===== Stored data

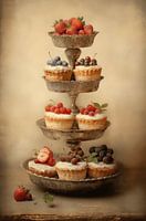 Dit sfeervolle kunstwerk is een smakelijke weergave van een klassieke, zilveren gebaksschaal, gevuld met prachtig gedecoreerde fruitgebakjes. De compositie heeft een schilderachtige, bijna nostalgische uitstraling die doet denken aan de stillevens van Hollandse meesters, maar dan met een moderne twist.
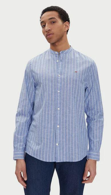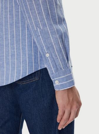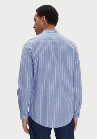 Camisa azul de lino con rayas blancas, cuello mao. De corte regular.
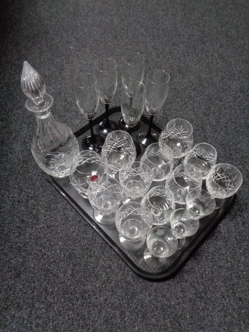 A tray of assorted glass ware including decanter, two tone champagne flutes, Royal Albert brandy glasses
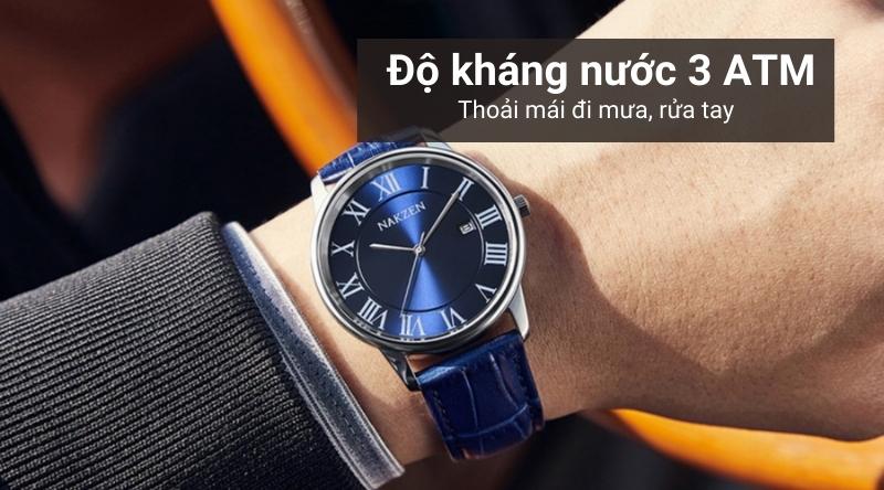 - Người dùng có thể yên tâm đi dưới mưa và rửa tay mà không lo bị hư hỏng vì hệ số chống nước của mẫu đồng hồ nam này là 3 ATM. Lưu ý: không nên đeo khi đi tắm, đi bơi, lặn.

==========

Your task: Pictures aside, write out verbatim every line from the first line of the material through the line holding "Camisa azul de".

Solution to this task:
 Dit sfeervolle kunstwerk is een smakelijke weergave van een klassieke, zilveren gebaksschaal, gevuld met prachtig gedecoreerde fruitgebakjes. De compositie heeft een schilderachtige, bijna nostalgische uitstraling die doet denken aan de stillevens van Hollandse meesters, maar dan met een moderne twist.
 Camisa azul de lino con rayas blancas, cuello mao. De corte regular.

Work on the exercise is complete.